3. Floating Zebra – £2200

Floating Zebra by Simon ‘The Stuffa’ Wilson

'Floating Zebra' by Simon ‘The Stuffa’ Wilson – £2200 at Chiswick Auctions.

From the Curious to the Extraordinary, the ‘kunstkammer’ sale at Chiswick Auctions on May 6, included taxidermy by Simon ‘The Stuffa’ Wilson. The UK taxidermist produced the famous ‘Floating Giraffe’ that recently sold in the Aynhoe Park sale for a record-breaking £100,000. He sources animals that have died from natural causes from zoos and farms.

‘Floating’ animals apparently suspended by glass balloons are among his signature creations, with the Chiswick sale including both this gravity-defying juvenile zebra sold at £2200 (estimate £1000-1200) and a similar baby alpaca that made £500 (estimate £700-800).

4. David Hockney lithograph – £8000

David Hockney’s ‘Oz Obscenity Fund’ lithograph

David Hockney’s ‘Oz Obscenity Fund’ lithograph – £8000 at Halls.

Halls’ Modern and Contemporary timed auction, that ran online in Shrewsbury until May 9, featured a single owner collection of 12 etchings by David Hockney bought from galleries in the early 2000s.

It included this example of Hockney’s Oz Obscenity Fund lithograph, created in 1971 in support of the London editors of Oz magazine – Jim Anderson, Felix Dennis and Roger Hutchinson – who stood trial on charges of conspiring to corrupt public morals. Hockney created only 30 of these to raise money towards the legal costs of the trial, choosing to depict the three journalists naked to reflect their innocence. Numbered 11/30 and estimated at £2000-4000, it took £8000.

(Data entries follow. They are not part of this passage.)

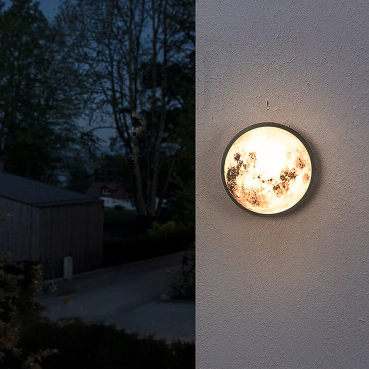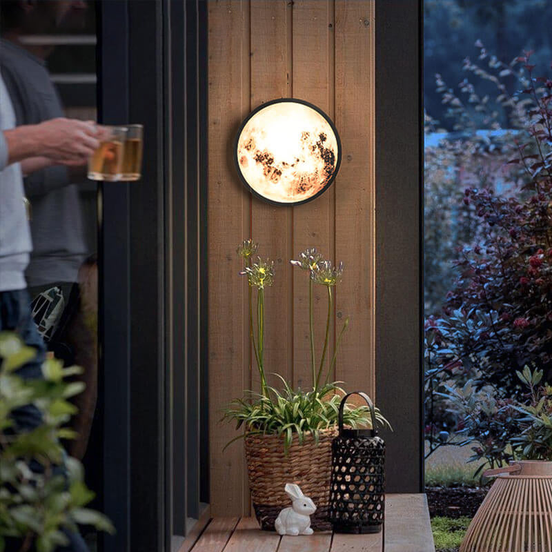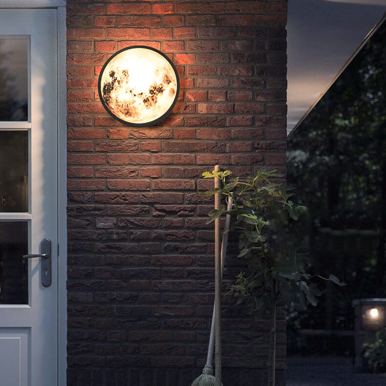 Modern Outdoor Moon Round Waterproof Wall Sconce Lamp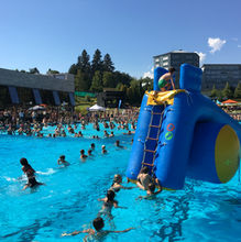 Das große Schwimmbecken und Außengelände des Freibades wurde im Zweijahresrhythmus zum Erlebnisparadies für Sportinteressierte.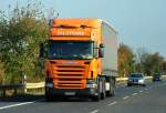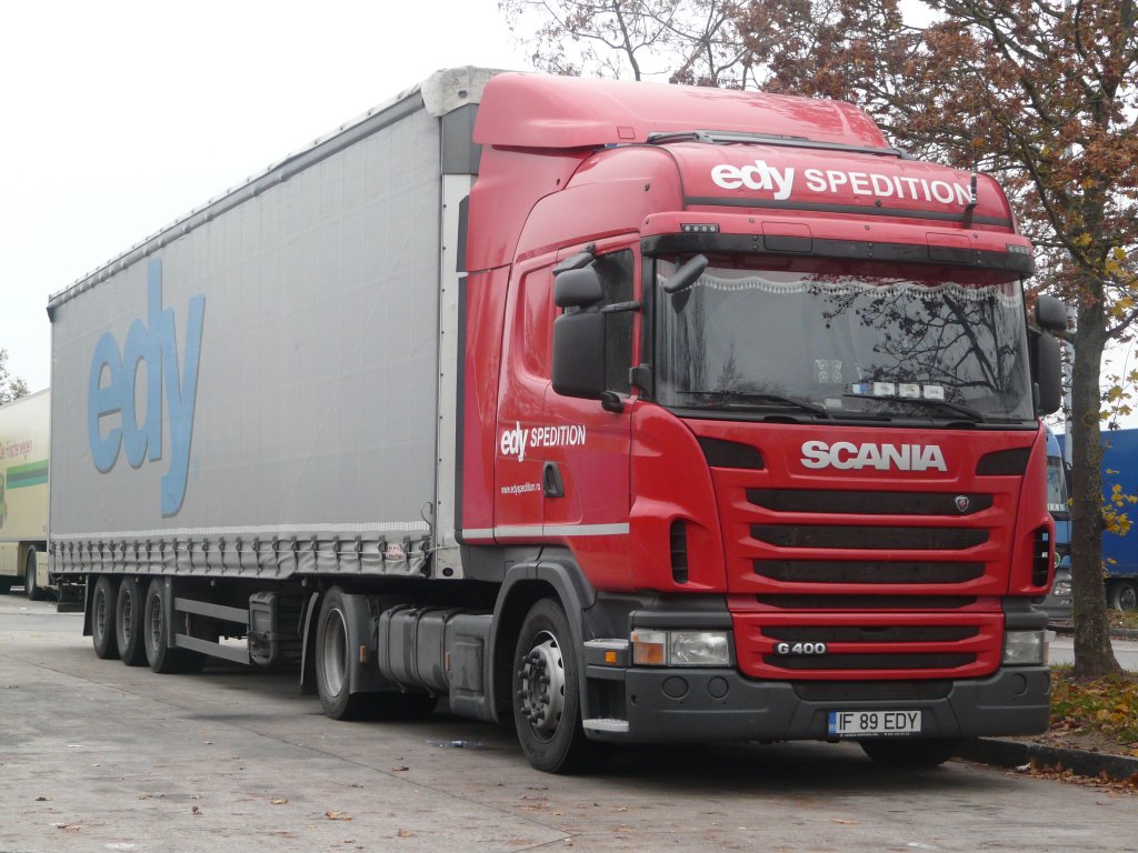 Scania G400 "Edy Spedition" aus Rumänien auf der Rastanlage "Frankenhöhe" an der A6, 11.11.2011

5. Gibbes second edition – £7500

Sir Philip Gibbes second edition

‘Instructions for the Treatment of Negroes’ (1797) by Sir Philip Gibbes – £7500 at Cheffins.

In Instructions for the Treatment of Negroes (1797), author Sir Philip Gibbes (1731-1815) makes the case for the regulation rather than the abolition of slavery. He begins: “Although I sincerely lament the existence of the slave trade, I feel no repugnance in availing myself of the means it affords me of supplying by purchase the number of Negroes requisite for the management of my plantations. The practice and the principle are not irreconcilable.”

Gibbes, the owner of a large plantation in the West Indies, was a member of both the Barbadian Society for the Improvement of Plantership and the Society for the Propagation of the Gospel in Foreign Parts. He published several works on ‘responsible’ plantation ownership as the calls for abolition grew louder. This second edition of Instructions was reprinted a decade after the first (1786) with additions that drew on the writing of the physicist Sir Benjamin Thompson, Count Rumford.

In addition to the 19th century bookplate of William Markham, Esq. Becca Lodge, Yorkshire, this rare copy included a presentation inscription in ink to the Archbishop of York from Philip Gibbes dated May 1797.